## YOUR INSTRUCTIONS
Exact copies of all the lines below are wanted, without a single picture.
*** DATASET EXTRACT ***
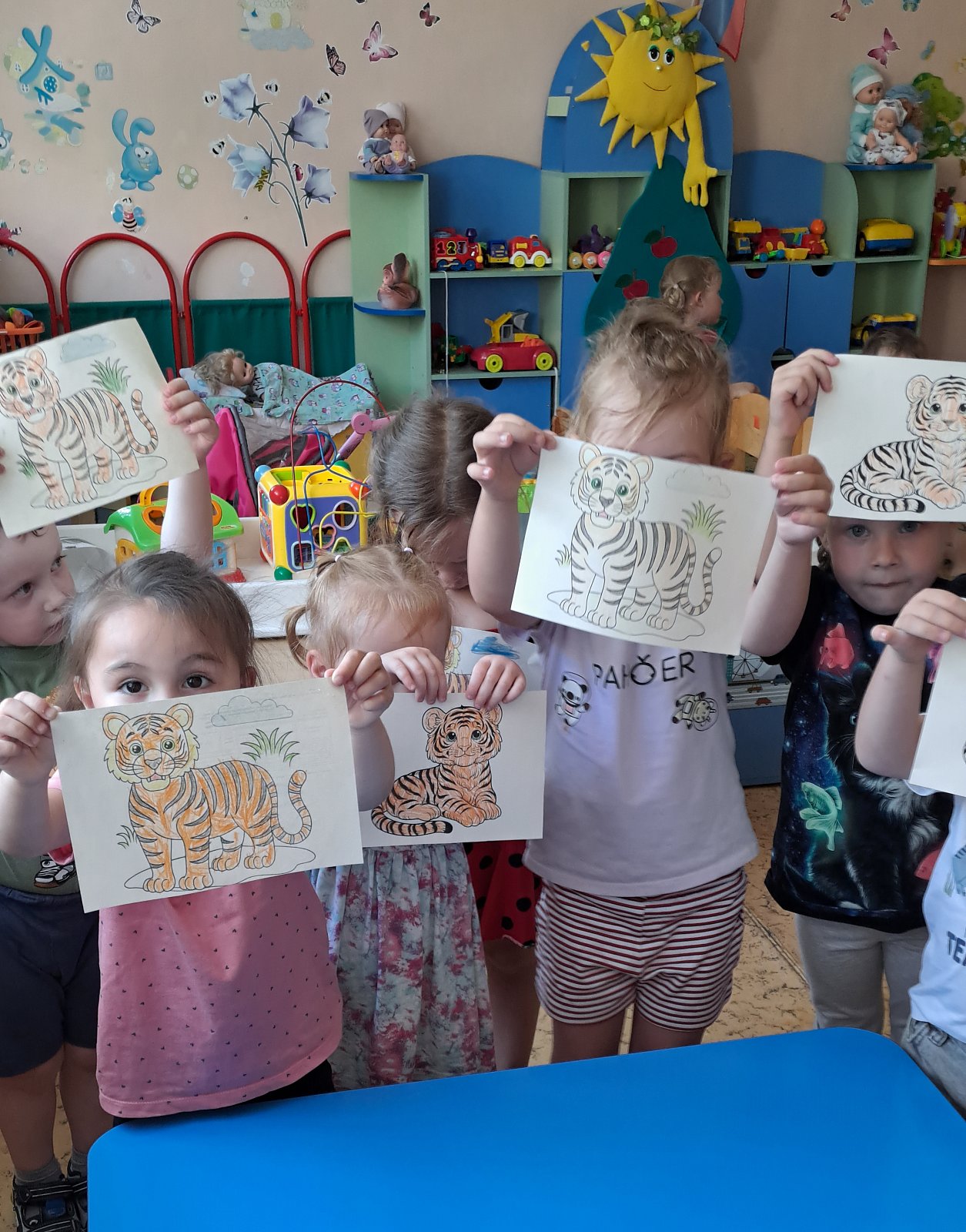 Ребята разучили пальчиковую гимнастику «Раз, два, три, четыре, пять, вышел тигр погулять», были предложены раскраски с изображением тигра. На прогулке с детьми поиграли в подвижную игру: «Что умеет делать тигр».
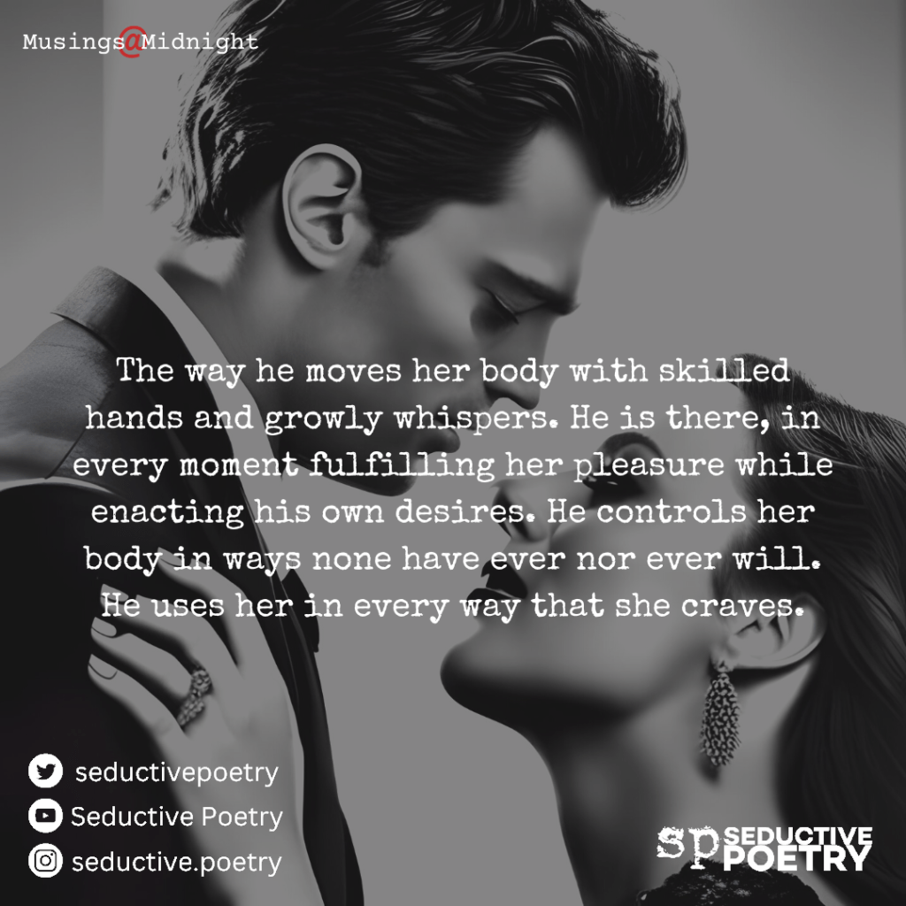 The way he moves her body with skilled hands and growly whispers. He is there, in every moment fulfilling her pleasure while enacting his own desires. He controls her body in ways none have ever nor ever will. He uses her in every way that she craves.
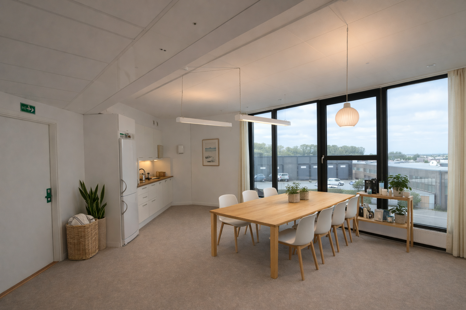 Köket/pausrummet är rymligt och har ett härligt ljusinsläpp med stora fönsterytor. I mittpartiet av lokalen finns funktioner som WC/dusch, WC, förråd och kapprum.
***
## RESULT
 Ребята разучили пальчиковую гимнастику «Раз, два, три, четыре, пять, вышел тигр погулять», были предложены раскраски с изображением тигра. На прогулке с детьми поиграли в подвижную игру: «Что умеет делать тигр».
 The way he moves her body with skilled hands and growly whispers. He is there, in every moment fulfilling her pleasure while enacting his own desires. He controls her body in ways none have ever nor ever will. He uses her in every way that she craves.
 Köket/pausrummet är rymligt och har ett härligt ljusinsläpp med stora fönsterytor. I mittpartiet av lokalen finns funktioner som WC/dusch, WC, förråd och kapprum.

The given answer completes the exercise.